Kay Blackburn Kay's Cancer Journey

First post: Apr 16, 2017 Latest post: Nov 3, 2017
I am 45 years old, extremely active (4-5 workouts a week) and my life's passion (outside of raising my three girls) has been about health and wellness.  I became a health and cleanse coach with a top-notch wellness company 4 years ago.  I am the weird mom that provides carrots and apples at kids get-togethers to provide a healthy option and bakes homemade granola instead of buying it from the store because it has too much sugar in it.  So it was a shock to learn that I had a large mass the size of an eggplant in my abdomen as well as others in my chest, and under my right arm on Halloween 2016.  My normal life hasn't been the same since.  


I started chemotherapy/immunotherapy treatment within 2 weeks in Tucson (where I live) for Non-Hodgkins Follicular Lymphoma.  I was told if you were to have cancer, this was the one to have because it is indolent (slow-growing) and very treatable.  I am young (relatively) and fit, so I was ready to fight the good fight.  My treatment plan was 6 months of Rituximab/Bendamustine, given over 2 days every 4 weeks for 6 cycles.  I started in November and went through 5 cycles.  After the 3rd,  my doctor ordered a CT Scan with Contrast which showed that the tumor under my arm was essentially gone as well as the ones in my chest, but the large mass was only shrunk by about 25% and there was another that showed very little change.  At that point, we continued another 2 cycles,  and at my appointments I kept questioning what we were expecting.  


At my meeting with my oncologist the day of my 5th round, my persistent questioning finally convinced him to order a PET scan the week before my 6th and final round of treatment in order to see where we were and check progress to make sure we were tracking along.  I was crushed when the results came back that in my abdomen the tumors were unchanged in size or slightly larger and more hypermetabolic (active/aggressive) than they were in the original PET scan I had in November.  It was most disconcerting that my doctor was almost panicked and had a "deer in the headlights" look.  He did not expect this and was obviously inexperienced with this scenario.

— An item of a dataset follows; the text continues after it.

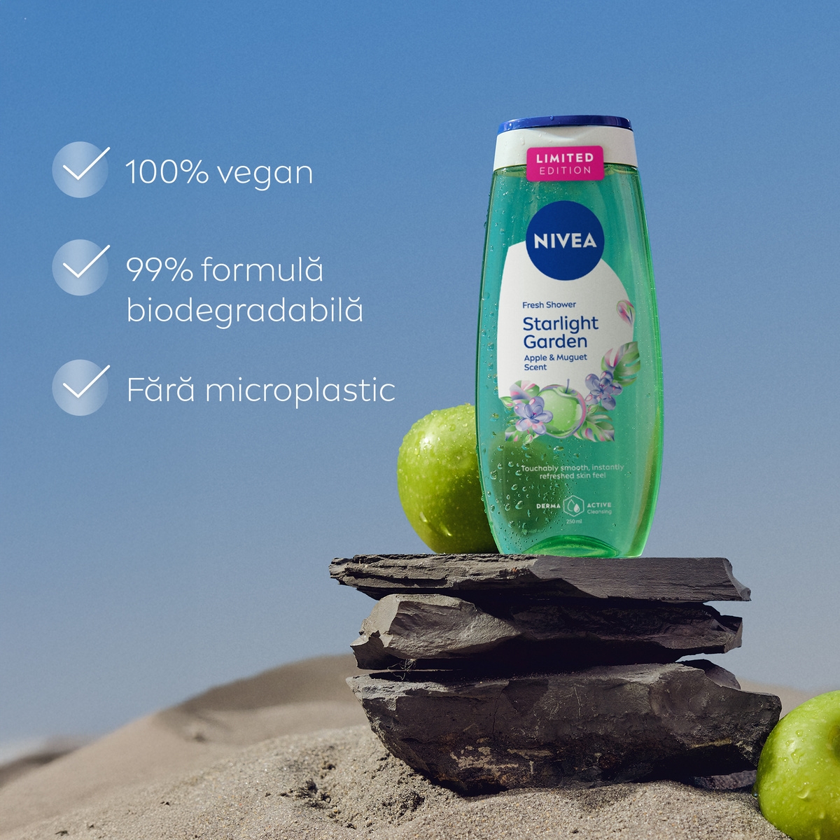 NIVEA are grijă de pielea ta și de planetă – cu o formulă biodegradabilă în proporție de 99 % și fără microplastic.

I had fortunately planned ahead to meet with my doctor at the Mayo Clinic in Phoenix (whom I had originally consulted in November for a second opinion) just two days later.  When we met with her, she suspected that my nonaggressive lymphoma had transformed into an aggressive Diffuse Large B Cell lymphoma.  DLBCL is very treatable with a standard protocol called R-CHOP.  She had explained to us that about 10% of cases of follicular lymphoma transform in our original meeting with her, but at the time she agreed to the treatment plan that was laid out for me and so we had decided to stay in Tucson for treatment.


She ordered a biopsy for me to be done at Mayo the following week and mentioned that in some cases of transformed lymphoma , you get a rare gene mutation which they call Double Hit Lymphoma.  This subtype  is even more aggressive and fairly new in terms of diagnoses and research (within the last few years).  It was very scary to hear that this could be a possibility because in many cases the cancer is resistant to therapy.  


On Good Friday I found out that I have Double Hit Lymphoma and so my cancer journey just got a lot longer and my faith in God just got a lot stronger.